2022年9月27日、フエゴインターナショナルと日本大学生産工学部(五十部誠一郎教授)は、食用コオロギのタンパク質の肉様組織化に成功したとプレスリリースで発表した。では、食用コオロギを肉様組織化することでどのようなメリットがあるのだろうか。今回は、そんな話題について紹介したいと思う。

食用コオロギの肉様組織化に成功

フエゴインターナショナルらが成功した食用コオロギの肉様組織化。これは、食用コオロギを脱脂処理せずに乾燥粉末化したコオロギたんぱくと大豆たんぱくを原料にして、エクストルーダー(押出成形)処理を行うことで代替肉を作り出す、新たな方法だ。
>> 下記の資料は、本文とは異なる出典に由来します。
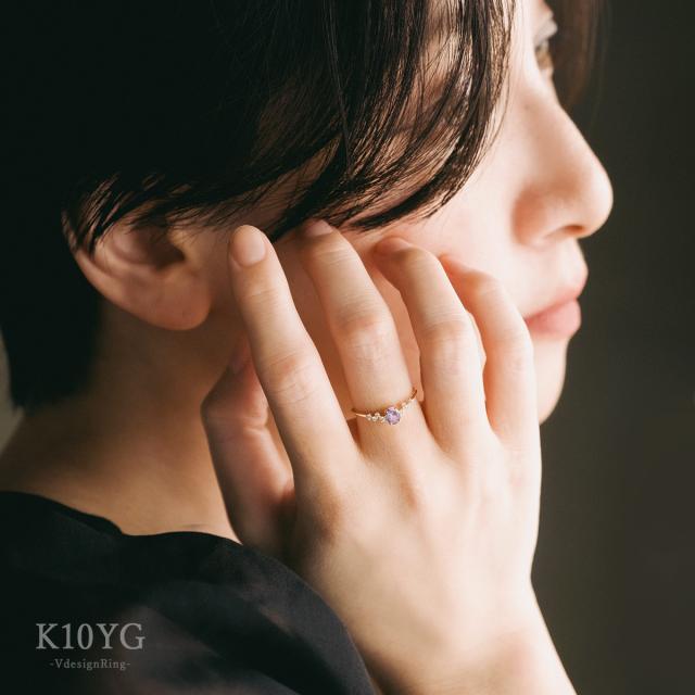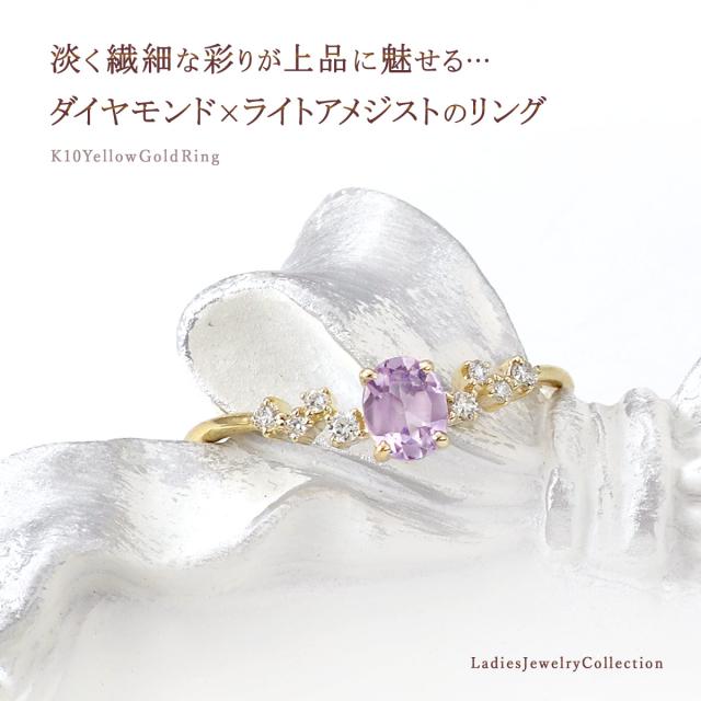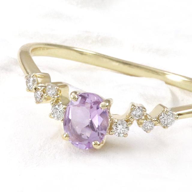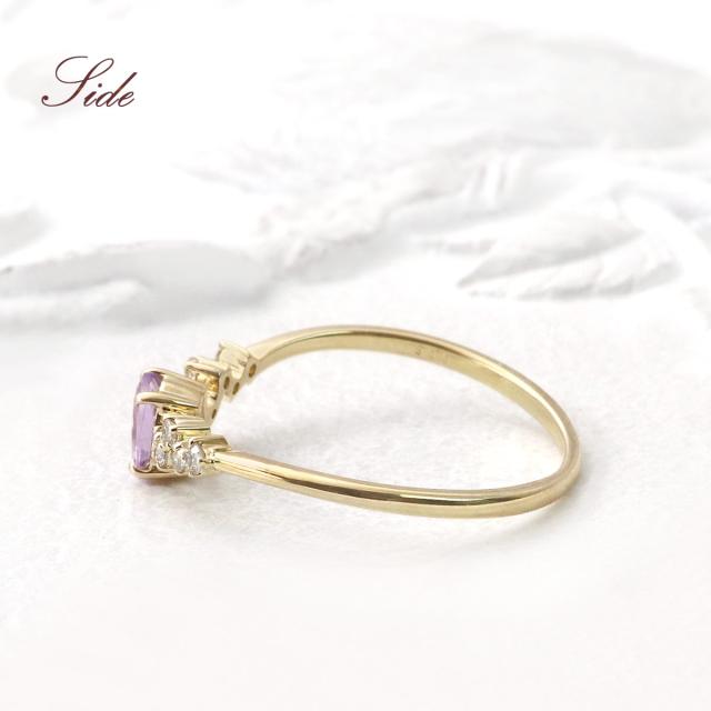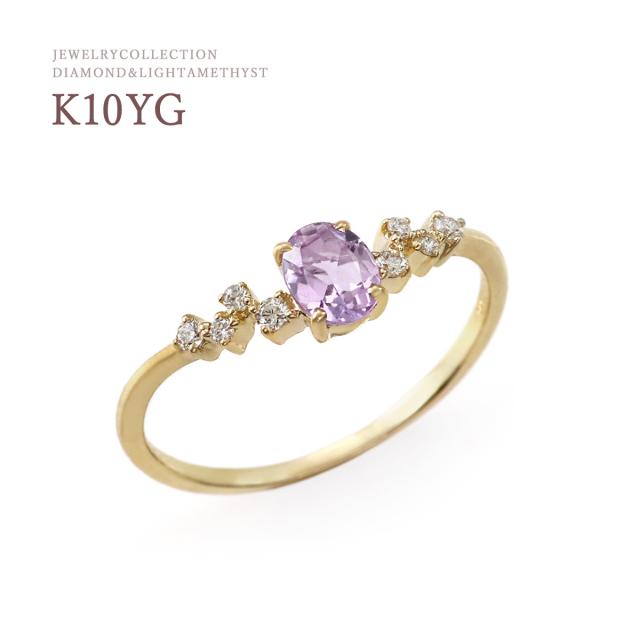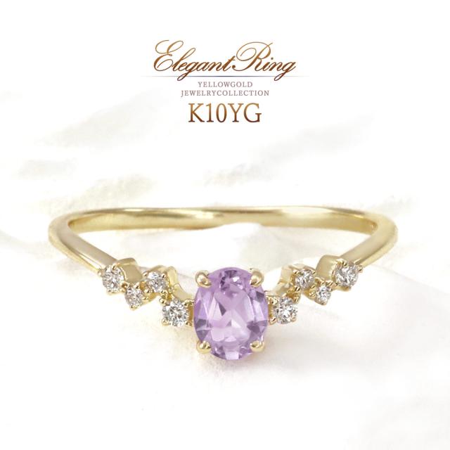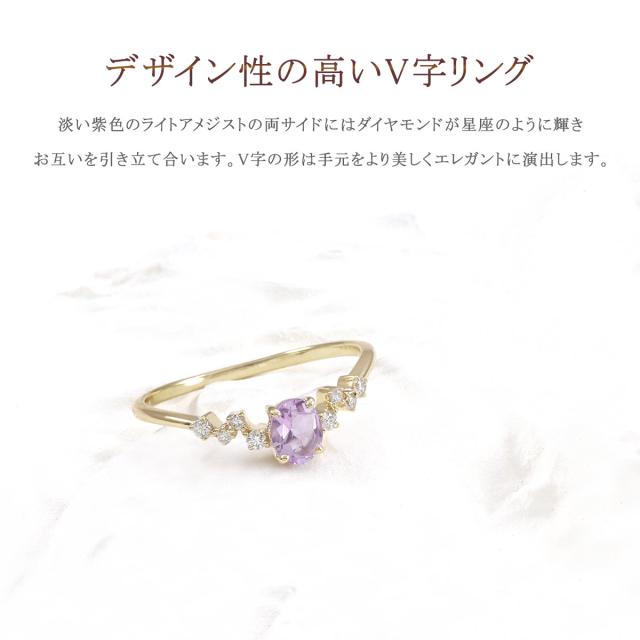 指輪 レディース イエローゴールド 10金 ダイヤモンド ライトアメジスト リング 9号 11号 13号 プレゼント 記念日 ギフト 10K K10 アクセサリー V字 おしゃれ 可愛い Vの字 V字リング V字の指輪 天然石 宝石 彼女 女性 4月 2月 誕生石 本物 紫 パープル ホワイトデー お返し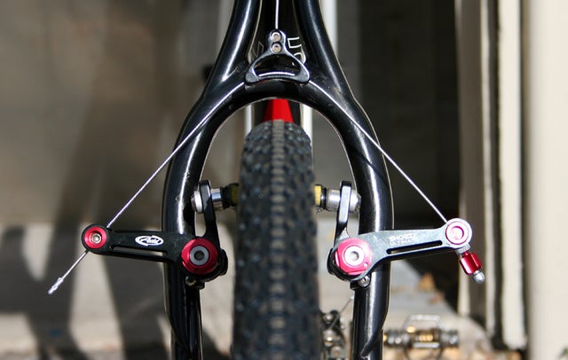 Now that you’ve read Sheldon’s piece, you know that the low-profile brake can be set up to have a higher leverage ratio than a wide-profile brake, and hence more power, and why. You also know that you get a higher leverage ratio by using a lower straddle cable, but if you have it too low, it can clog with mud easily, and it is hard to release the brake since there’s not enough slack in the system to pull the straddle cable out of the end of the brake arm (unless you have Campagnolo or Cane Creek levers with the release button on the lever).

まず、フエゴインターナショナルを紹介したい。千葉県を拠点とする同社は、食用昆虫の養殖や昆虫食の製造・販売を手掛ける。千葉県の睦沢町で生産を行い、地域の食品産業から発生する廃棄物をコオロギの飼料にすることで、食品ロス・処分エネルギー・生産コストを削減。そして今後、コオロギを地域の自慢の食材にし「高品質の栄養食」として世界へ届けること、さらには、地域活性化とともに、近い将来訪れるとされる地球の食糧難を緩和する事業へと挑戦している。

  • 食用コオロギの養殖や昆虫食品の規格製造を行うフエゴインターナショナル

    食用コオロギの養殖や昆虫食品の規格製造を行うフエゴインターナショナル(出典:フエゴインターナショナル)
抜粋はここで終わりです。